Supplied data –
------------------------
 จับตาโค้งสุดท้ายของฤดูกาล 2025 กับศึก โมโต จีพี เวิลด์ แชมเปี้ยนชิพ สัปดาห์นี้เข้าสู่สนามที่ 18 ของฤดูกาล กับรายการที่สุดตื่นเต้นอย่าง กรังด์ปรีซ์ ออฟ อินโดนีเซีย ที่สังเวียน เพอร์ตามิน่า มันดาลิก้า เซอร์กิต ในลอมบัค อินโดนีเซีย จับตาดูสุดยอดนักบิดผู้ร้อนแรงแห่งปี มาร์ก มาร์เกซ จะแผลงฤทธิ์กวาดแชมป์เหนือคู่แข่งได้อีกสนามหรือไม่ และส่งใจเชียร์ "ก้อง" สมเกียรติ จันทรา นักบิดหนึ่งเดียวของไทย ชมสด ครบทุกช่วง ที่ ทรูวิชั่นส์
------------------------
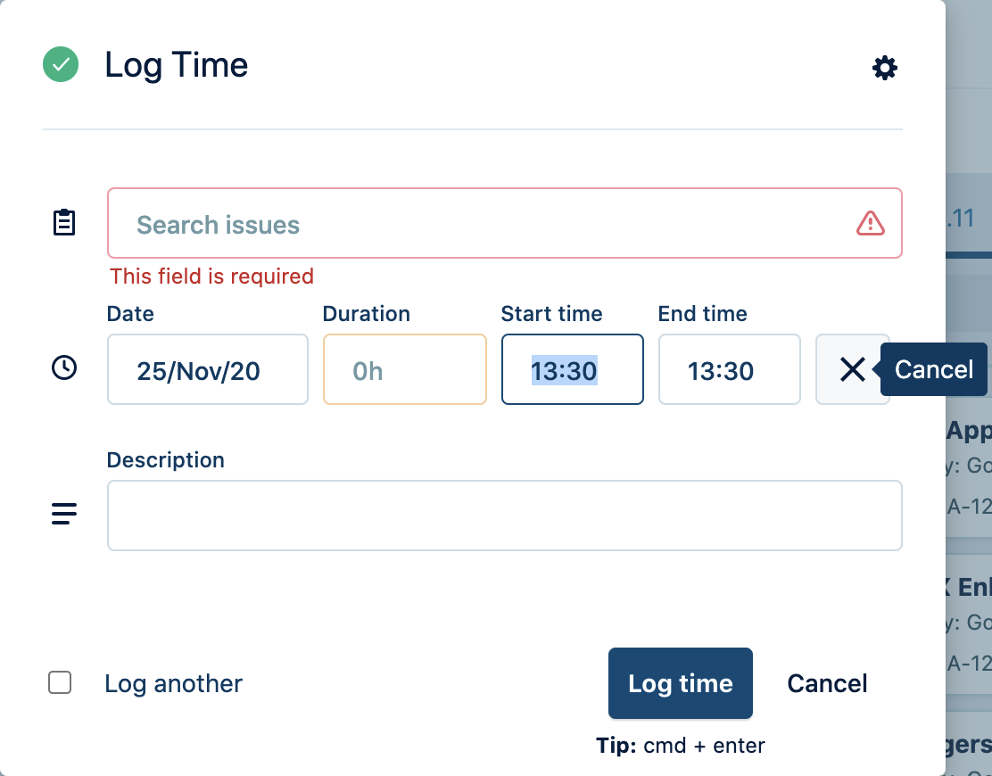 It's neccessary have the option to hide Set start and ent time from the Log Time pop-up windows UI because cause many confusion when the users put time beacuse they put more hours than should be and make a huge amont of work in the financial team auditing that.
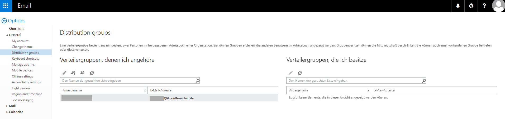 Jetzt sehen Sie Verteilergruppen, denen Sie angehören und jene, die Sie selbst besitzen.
------------------------
Work order –
Looking above, find the stretch of lines that opens with the one holding "It's neccessary have" and closes with the one holding "Jetzt sehen Sie". Copy it exactly, pictures excluded.

Task answer –
 It's neccessary have the option to hide Set start and ent time from the Log Time pop-up windows UI because cause many confusion when the users put time beacuse they put more hours than should be and make a huge amont of work in the financial team auditing that.
 Jetzt sehen Sie Verteilergruppen, denen Sie angehören und jene, die Sie selbst besitzen.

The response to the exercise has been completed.